GIPF’s Tentacles … where government workers’ billions are invested

At the end of the month, when government workers receive their payslips, a small line towards the bottom of the document connects everyone – from cleaning staff to senior government officials – to the richest companies in the world.

These monthly deductions are towards the Government Institutions Pension Fund (GIPF), the largest investment fund in the country, valued at N$136,2 billion, with shares in over 700 companies all over the world.

Those shares, in turn, mean that everyone who contributes to the fund owns a tiny part of automakers, diamond mines, casinos, movie makers, and even Silicon Valley.

The funds seemingly simple mission is to take monthly retirement contributions from workers, invest them wisely, and pay out pensions upon workers retirement.

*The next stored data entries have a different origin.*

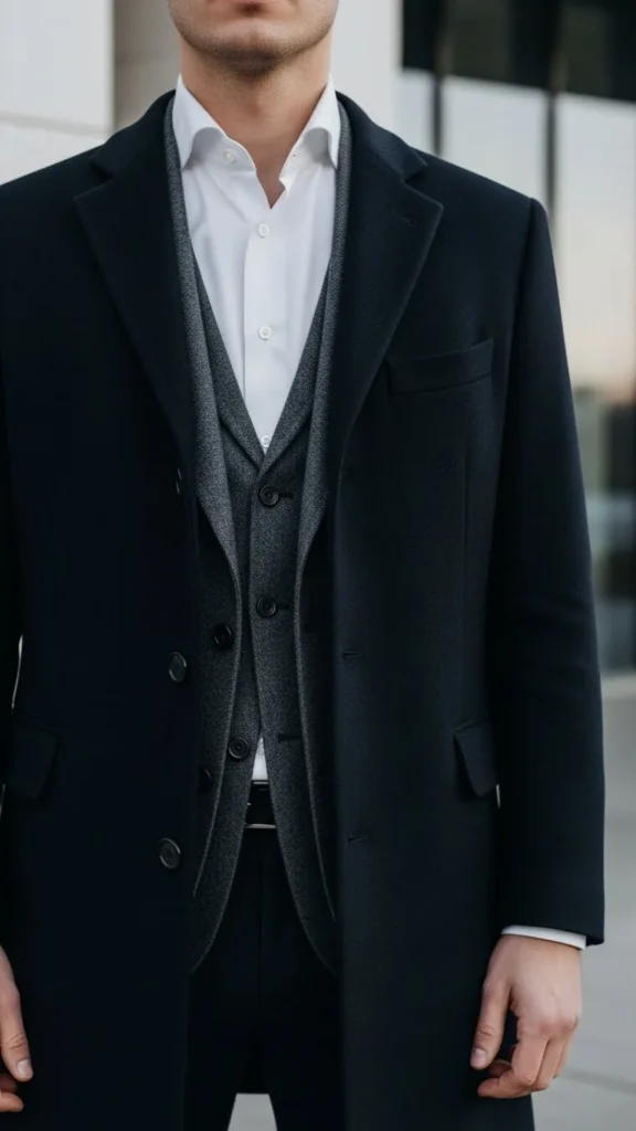 10. Sweater Vest With a Buttoned-Up Shirt and Tailored Coat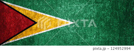 Guyana state flag on a metal surface. Banner of dirty grunge Guyana flag.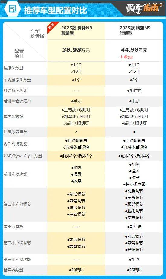 因此,綜上所述,尊榮型在2025款騰勢N9全系車型中擁有著最高的性價比,建議消費(fèi)者在購車時優(yōu)先考慮。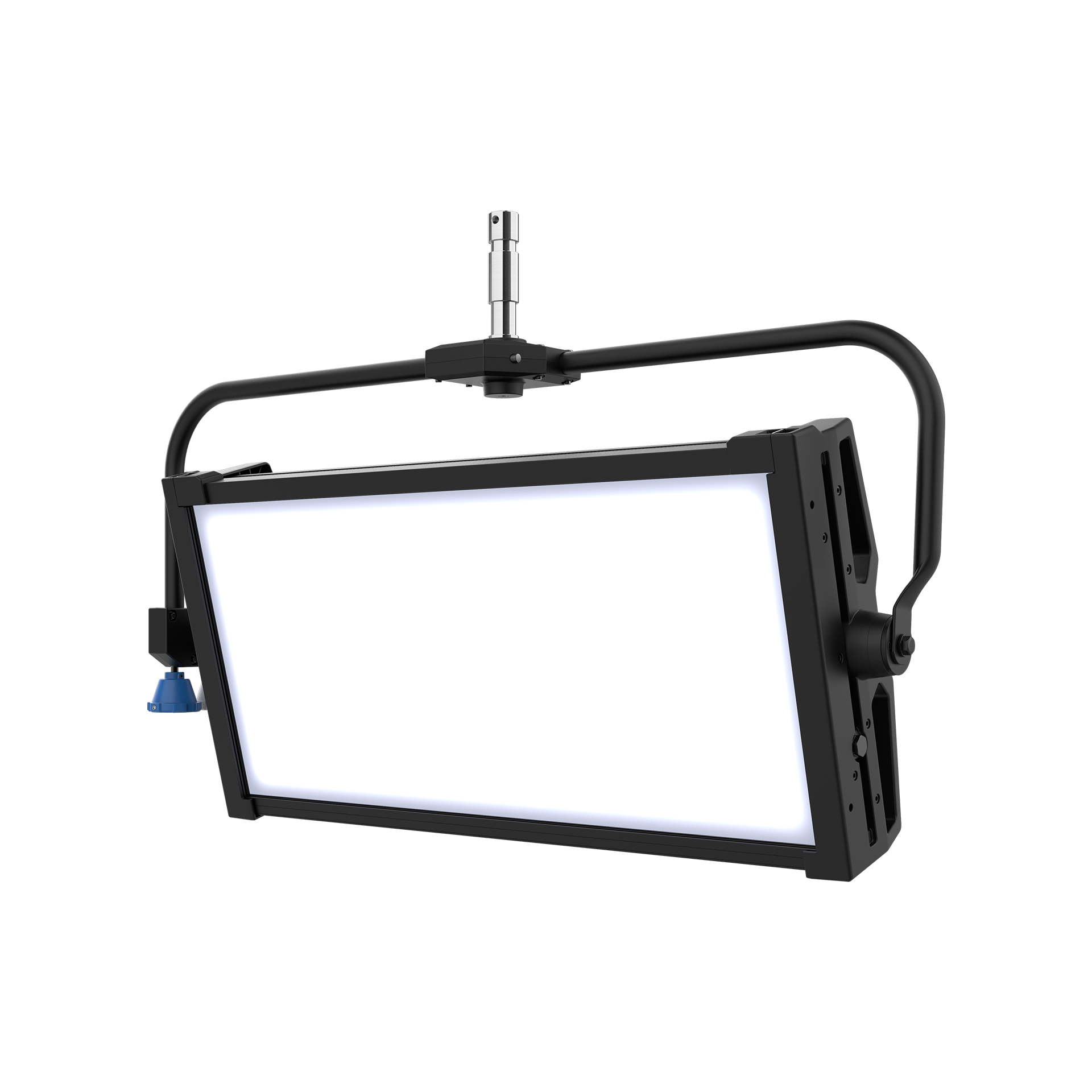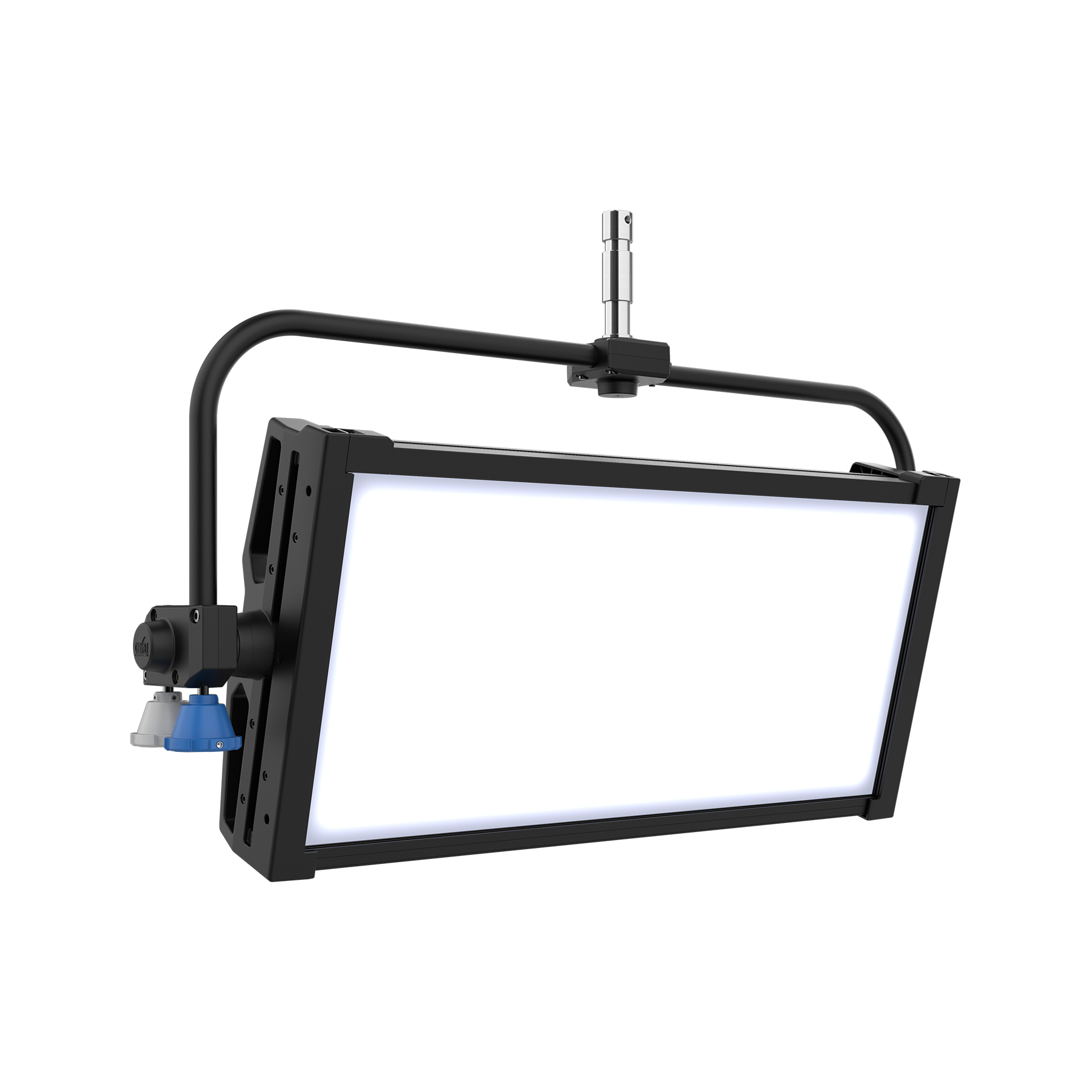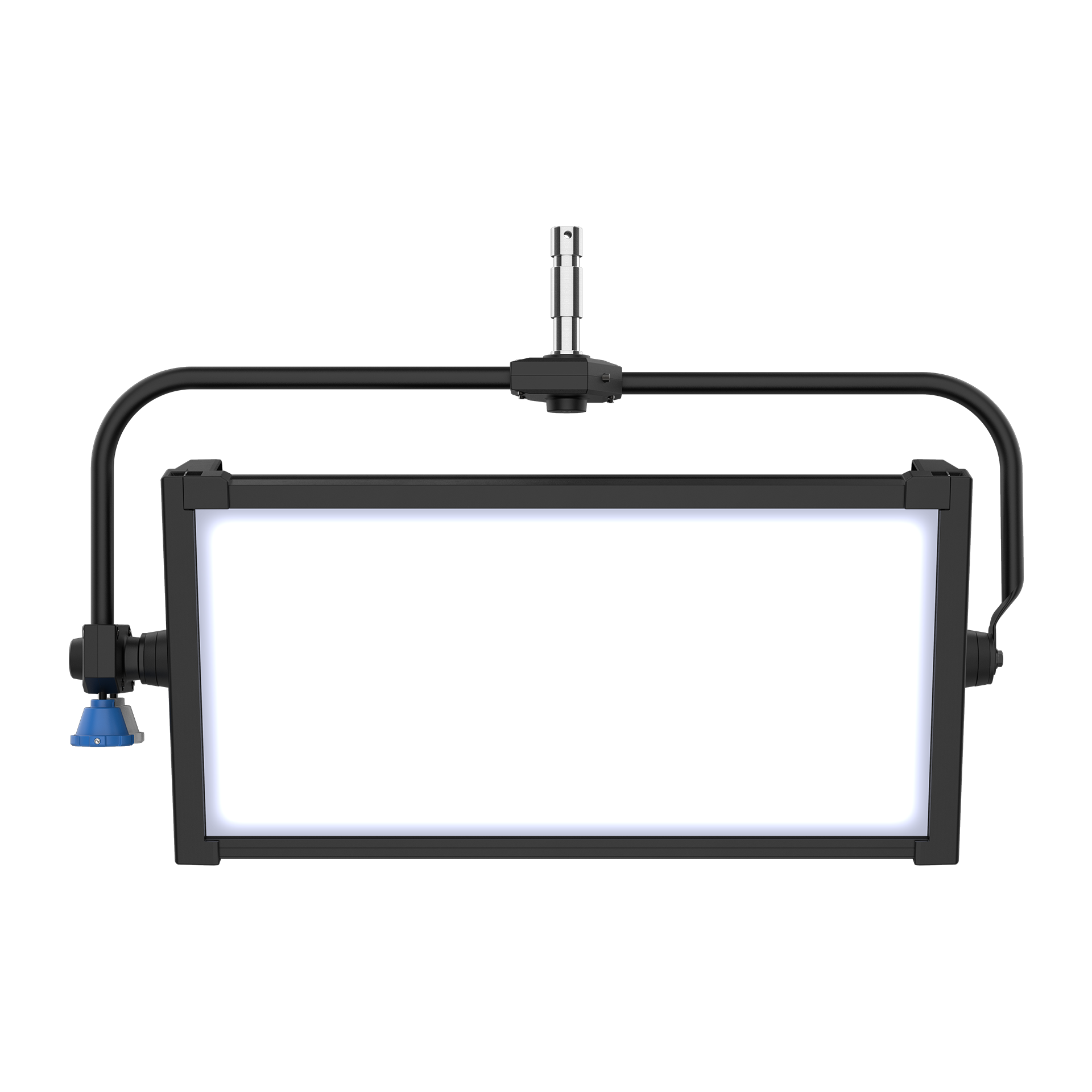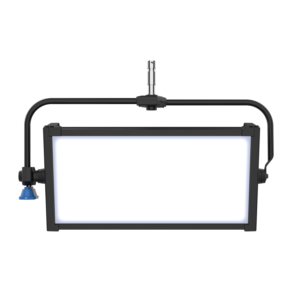 The yoke allows for full manual control. By using an extension pole, you can stand safely on the ground and physically pan the light left and right or tilt it up and down to get the perfect angle.

The governments 101 000 employees each pay 8% of their salary, and the government matches that with an amount equal to 16% of their salary.

“The money contributed needs to be invested wisely to be able to pay out the promised benefits to these members and their dependants upon retirement,” says PSG Namibias former head of research, Eloise du Plessis.

“That is the only responsibility of the GIPF.”

If the fund were to deposit all contributions into a bank account, and then pay them out later, it could run out of money.

MANAGING RISKS

The funds managers have to consider various risks, such as inflation.

An individual who starts working at the age 25 would pay a lot more for a loaf of bread in 35 years when she retires than now.

The populations age is another factor to consider.

Currently, Namibia has more young people than pensioners, but in the future these young people will retire and would need to be paid pensions.

There are additional concerns, such as the global economy and possible financial crises, such as the one in 2008.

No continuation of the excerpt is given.